Café-au-lait skin macules, Cushing syndrome (CS), hyperthyroidism, and liver and cardiac dysfunction are presenting features of neonatal McCune–Albright syndrome (MAS), CS being the rarest endocrine feature. Although spontaneous resolution of hypercortisolism has been reported, outcome is usually unfavorable. While a unified approach to diagnosis, treatment, and follow-up is lacking, herein successful treatment and long-term follow-up of a rare case is presented.

Clinical case

An 11-day-old girl born small for gestational age presented with deterioration of well-being and weight loss.
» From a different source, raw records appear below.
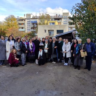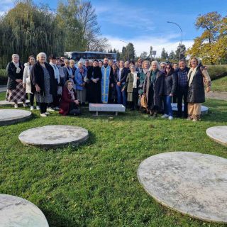 Након славског ручка смо са гостима из Загреба и Градишке и њиховом поклоничком групом коју води попадија Госпана Ђурић посјетили парк Диане Будисављевић у Сиску, гдје се налази споменик светој дјеци мученицима сисачким, на мјесту гдје је у Другом свјетскм рату био усташки логор за дјецу, те смо им се помолили као новим мученицима и заступницима пред Господом.
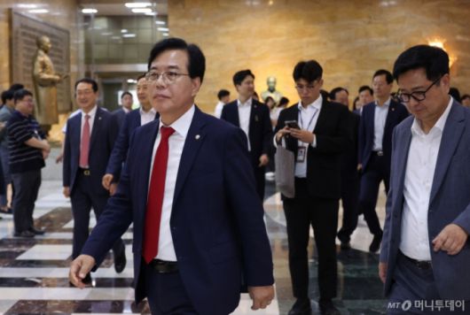 [서울=뉴시스] 김금보 기자 = 송언석 국민의힘 비상대책위원장 겸 원내대표와 의원들이 4일 오후 서울 여의도 국회에서 본회의장으로 향하고 있다. 2025.08.04. kgb@newsis.com /사진=김금보 |
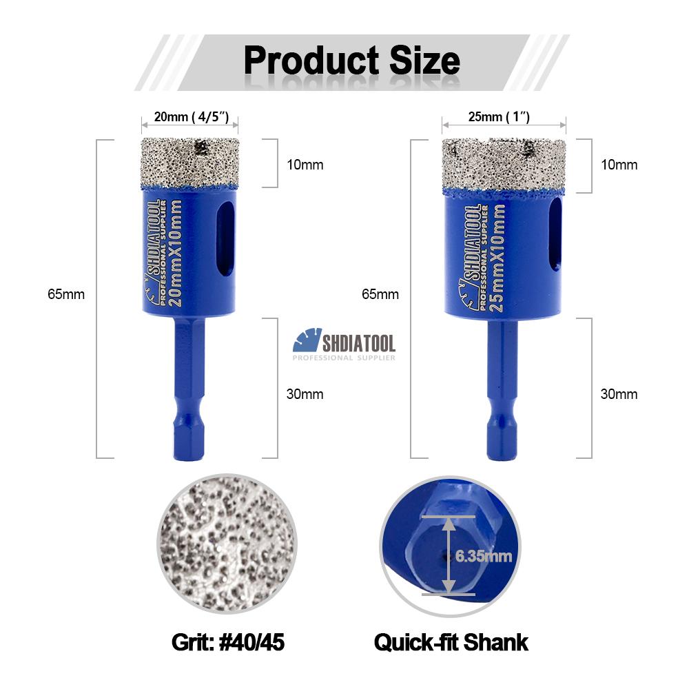20/25mm Vacuum Brazed Quick-Fit Shank Diamond Tools Cutting Bit Hole Saw Diamond Core Drill Bit Drilling Bits for Granite Marble
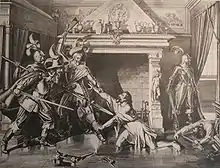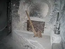 In 1620, Catholic forces attacked and killed between 500[6] and 600[7] Protestants in the Valtellina valley. Around the same time Pompeius Planta returned to Rietburg believing that enough time had passed. However, on 24 February 1621, a force of anti-Habsburg troops led by Jörg Jenatsch assembled to attack the castle in retaliation for the killings in Valtellina. Early in the morning on 25 February, the troops attacked the castle and killed Pompeius Planta as he attempted to flee.[5] According to one version of the story, Pompeius attempted to hide in a chimney, but was discovered by a dog. He was attacked by the raiders and killed by Jenatsch with an axe.[8] Years later, Jenatsch converted to Catholicism and on 24 January 1639, he was killed during Carnival in Chur by an unknown attacker who was dressed as a bear. The attacker may have been a son of Pompeius Planta[6] or an assassin hired by the local aristocracy.[9] According to legend he was killed by the same axe that he used on Pompeius.[8]
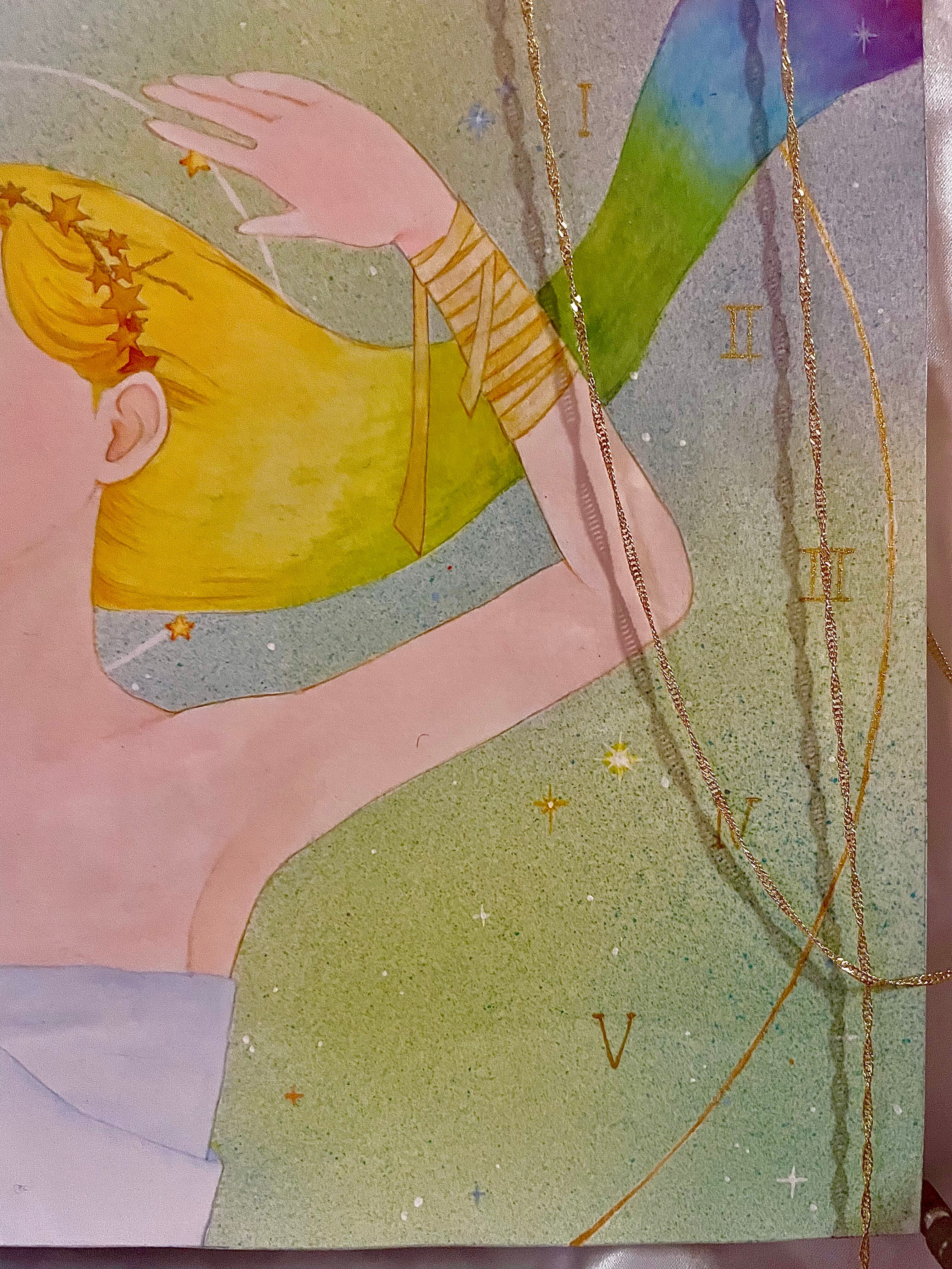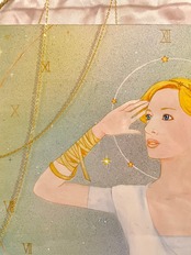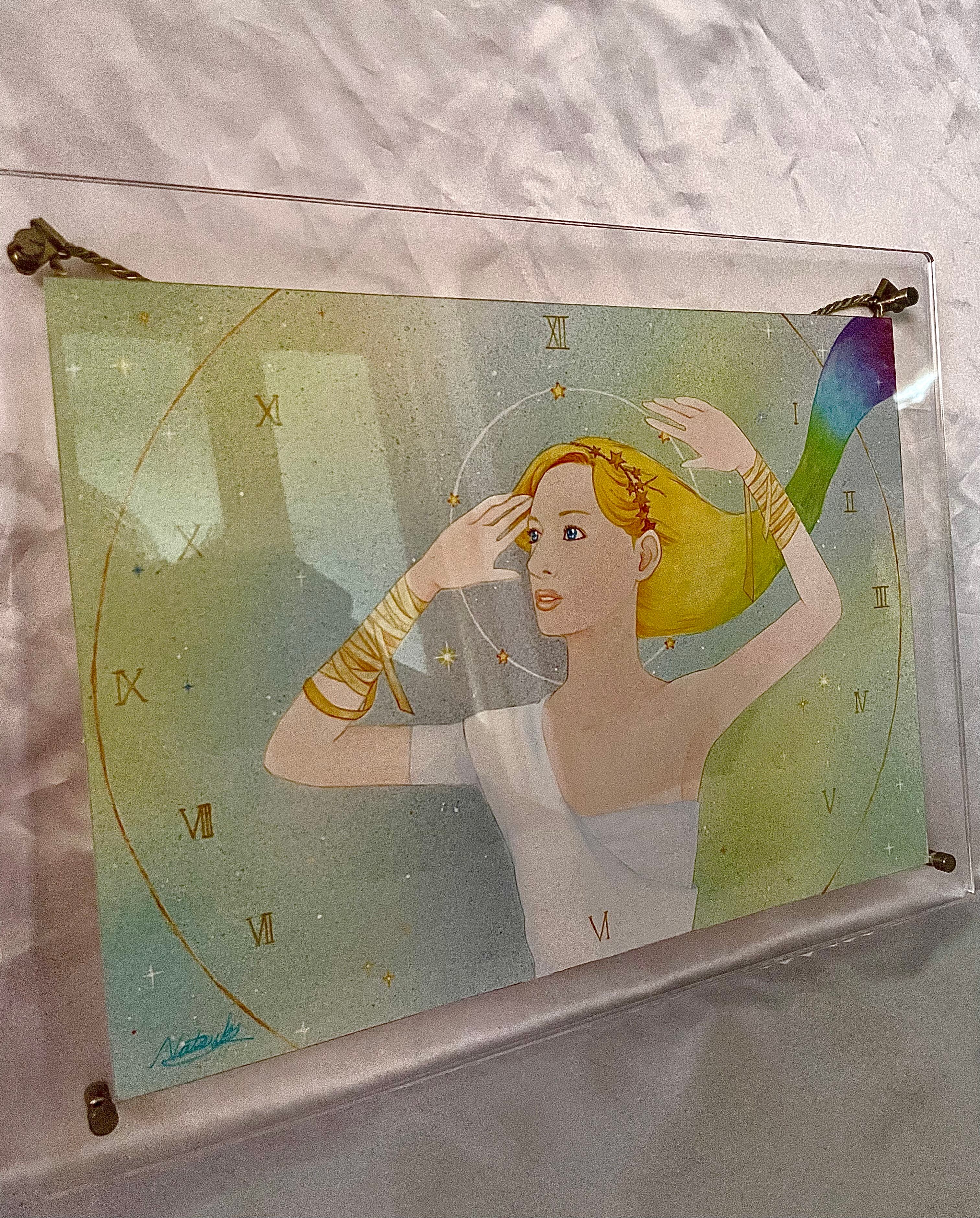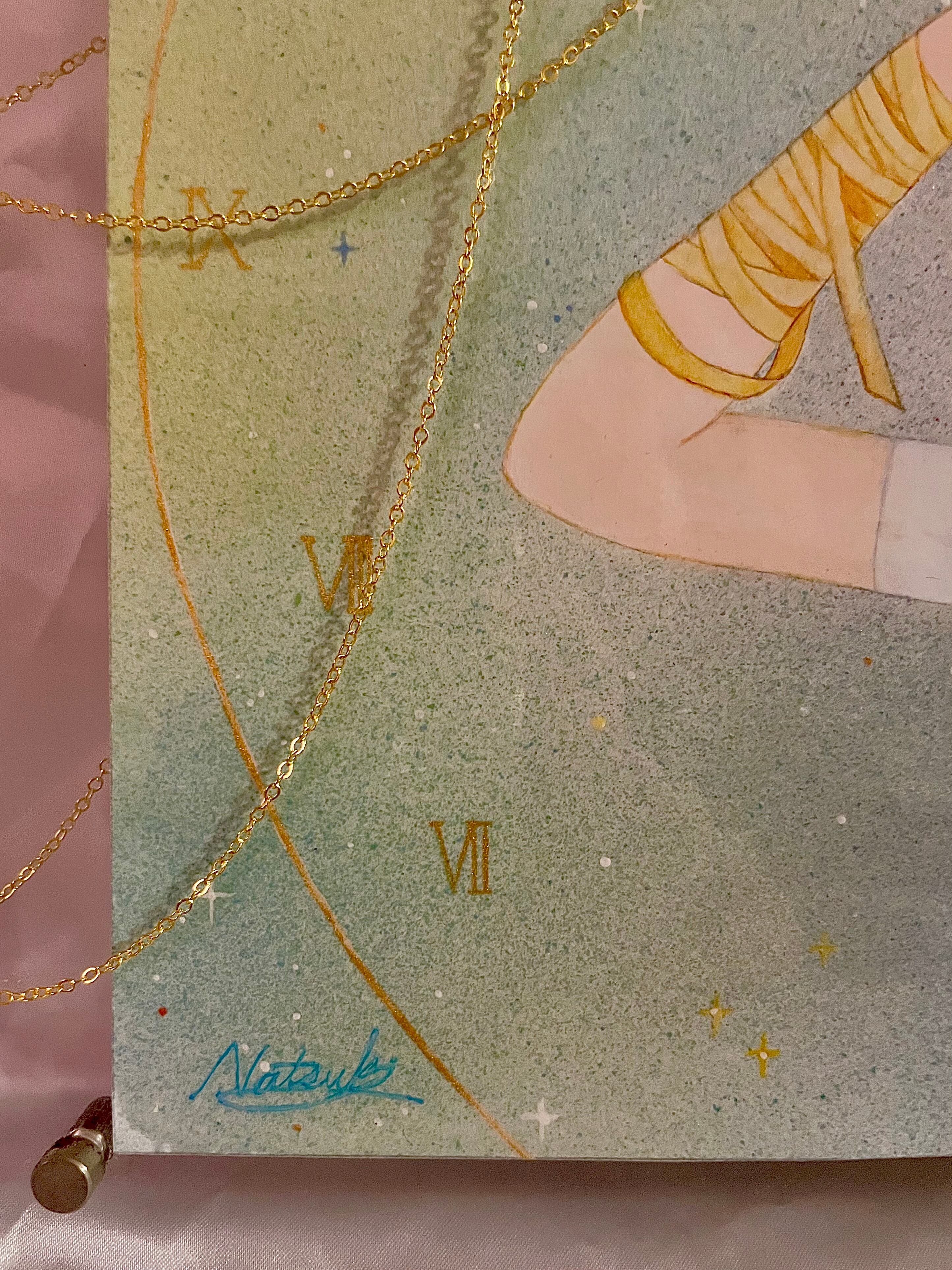 背景の時計の文字は宇宙に流れる時間のイメージとして描きました。
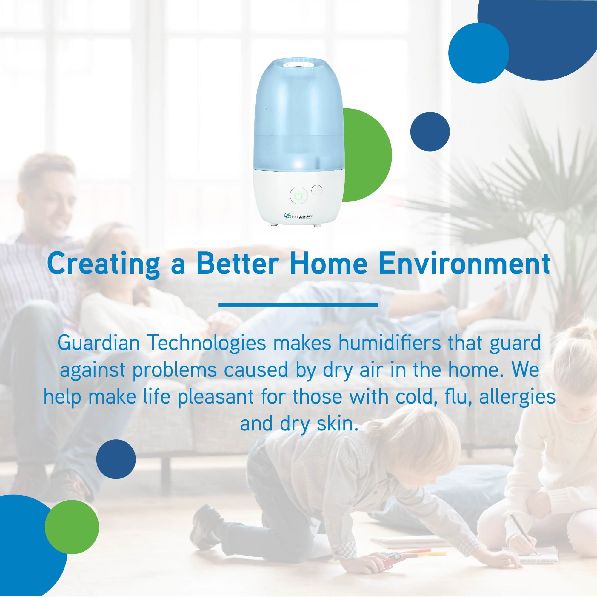 The 70-hour Ultrasonic Cool Mist Humidifier guards against problems caused by dry air in the home. It features an easy to fill 1 gallon tank, ideal for use in small to medium rooms. Silver Clean™ Protection is embedded in the tank to help keep the water tank cleaner longer. Thanks to ultrasonic technology, it disperses a fine mist into the air, and is ultra-quiet making it ideal to have on while you sleep. It has an optional aromatherapy tray so a few drops of essential oil can be added to create a relaxing atmosphere. A low water indicator light lets you know when it’s time to refill the water tank. It also features a soft glow night light. PureGuardian® humidifiers create a better home environment for those suffering from colds, allergies and dry skin. Note: Run time is based off of running the unit on low setting and cool mist, also depends on atmospheric conditions. Covers 320 Sq. ft.
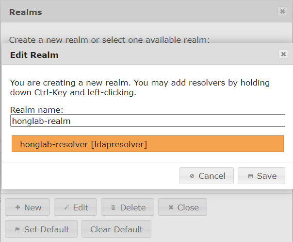 +New 를 누른 후 Realm 이름을 정하고 resolver를 선택해준 후 Save를 눌러주자

Large hyperpigmented macules on the trunk, hypertension, hyponatremia, hyperglycemia, and elevated liver enzymes were noted. ACTH-independent CS due to MAS was diagnosed. Although metyrapone (300 mg/m2/day) was started on the 25th day, complete remission could not be achieved despite increasing the dose up to 1,850 mg/m2/day. At 9 months, right total and left three-quarters adrenalectomy was performed. Cortisol decreased substantially, ACTH remained suppressed, rapid tapering of hydrocortisone to physiological dose was not tolerated, and supraphysiological doses were required for 2 months. GNAS analysis from the adrenal tissue showed a pathogenic heterozygous mutation. During 34 months of follow-up, in addition to CS due to MAS, fibrous dysplasia, hypophosphatemic rickets, and peripheral precocious puberty were detected. She is still regularly screened for other endocrinopathies.

Conclusion

Neonatal CS due to MAS is extremely rare. Although there is no specific guideline for diagnosis, treatment, or follow-up, addressing side effects and identifying treatment outcomes will improve quality of life and survival.